Mais celle qui crève littéralement l’écran, c’est Louise Chevillotte. Sa justesse est sidérante. Elle ne joue pas, elle est. Chaque regard, chaque silence, chaque micro-frémissement donne au personnage une profondeur rare. Une révélation, au sens plein du terme.

Et puis il y a la surprise, l’évidence presque, Arcadi Radeff. Sa performance est d’une intensité peu commune, à la fois précise et imprévisible. Il impose une présence qui marque durablement, sans jamais voler le film, un équilibre délicat qu’il maîtrise parfaitement.
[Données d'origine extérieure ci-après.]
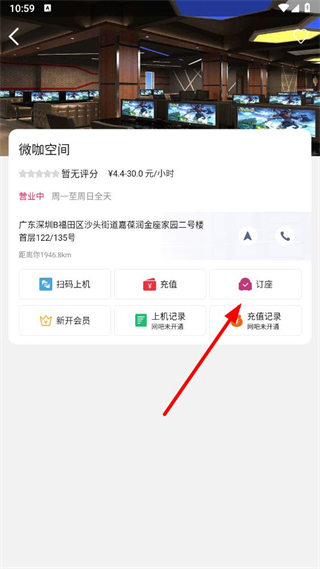 4、在網(wǎng)吧詳情頁面點擊訂座按鈕,即可預(yù)訂該網(wǎng)吧座位。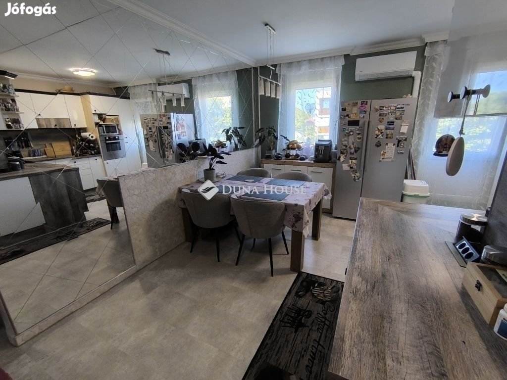 Eladó Pécsett-Rózsadombon a Fagyöngy u-ban egy 3. emeleti, 74nm-es, erkélyes, (3,5 szobás átalakított) 3 külön nyíló szobás panel lakás.A lakás teljesen felújított észak-déli tájolású.A konyha és a félszoba közötti válaszfal bontását követően egy nagy, 16 m2- es konyha - étkező lett kialakítva, modern bútorral, indukciós főzőlap + sütő és mosogatógép is van.Az épület szigetelt, műanyag nyílászárókkal ellátott. Fűtése távfűtés költségmegosztóval. Elrendezése kiváló nagy előszoba beépített szekrénnyel. A fürdő teljes körű felújításon esett át a megszokott egy csaptelep mellé beépítésre került egy kádtöltő zuhany váltós csaptelep is. Műanyag bejárati ajtó lett beépítve valamint a beltéri ajtók is cserélve lettek. A folyosón a konyhában étkezőben vinyl padló van. Szobában az eredeti laminált padlóra padlószőnyeg került. Minden ablakon redőny és szúnyogháló van. Az erkély tavasszal lett felújítva. Új szúnyoghálós redőny és padlóburkolat került ide is. Minden szobába és az étkezőbe tavasszal prémium kategóriás huzatmentes klíma lett telepítve.Az alagsorban van egy 2 lakás által használt nagy tároló is.Az ingatlan közelében buszmegálló (50m), bolt, posta, iskola, óvoda, orvosi rendelő, gyógyszertár található. A berendezési tárgyak alku tárgyát képezik.Amennyiben felkeltette érdeklődését, keressen bizalommal!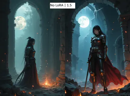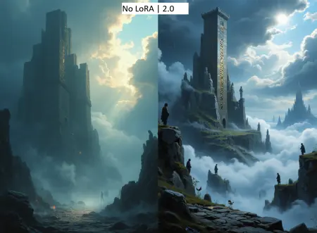 此 LoRA 将每个角色、生物与景观转化为被火焰、月光或远古魔法照亮的史诗叙事瞬间。
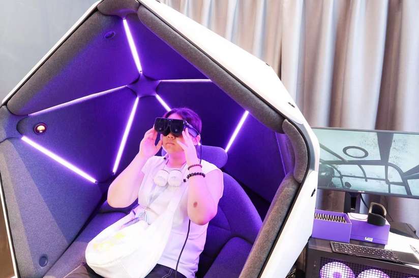戴上头显设备,坐入球状座舱,仿若“穿梭”进80年前的轰炸机驾驶舱,在轰鸣声中体验飞行的紧张刺激;“降临”《奥托的星球》,在捏合、挥手等手势间转动小星球,自由选择探索星球的视角……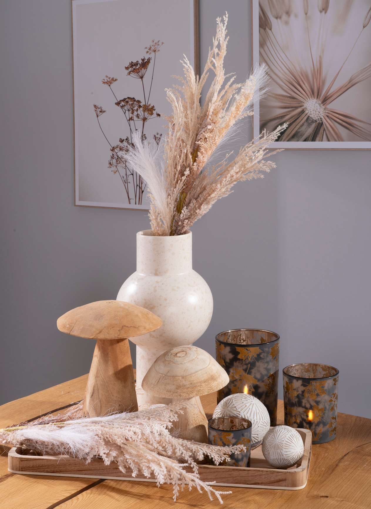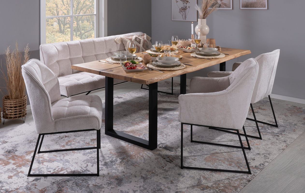 Der Mix aus warmen Cremefarben und natürlichen Materialien wie Holz und Cord schafft ein entspanntes Ambiente, das zum Verweilen einlädt. Ein großer Esstisch, gemütliche Sitzgelegenheiten, weichen Stoffe oder stylische Deko-Details – unser Look bringt rustikalen Flair in Dein Zuhause, ohne auf modernen Komfort und Style zu verzichten.

L’ambiance générale est une réussite totale. Le film installe une atmosphère feutrée, presque étouffante, où les apparences règnent en maîtres. On y parle d’argent, de reconnaissance, de légitimité, mais aussi de honte, celle d’être provincial dans un monde parisien codifié, de paternité, d’identité, d’homosexualité, de tout ce qui se joue en creux derrière les discours officiels. C’est là que le film touche juste : dans ces zones grises, humaines, jamais caricaturales.

La présence d’Alain Chamfort, en guest, apporte une touche inattendue, presque fragile, qui s’intègre parfaitement à l’ensemble. Une apparition brève mais profondément juste, à l’image du film.

Ce qui est remarquable, c’est la maîtrise. Les dialogues sont précis, ciselés, jamais démonstratifs. La mise en scène ne cherche pas à briller mais à servir, et c’est précisément ce qui la rend brillante. Tout est tenu, pensé, incarné.

Le Tableau volé n’est pas seulement un bon film. C’est une œuvre fine, intelligente, qui regarde sans complaisance un monde où tout se négocie, même la vérité. Une réussite majeure du cinéma français, de celles qui laissent une trace, parce qu’elles parlent autant de l’art que de nous.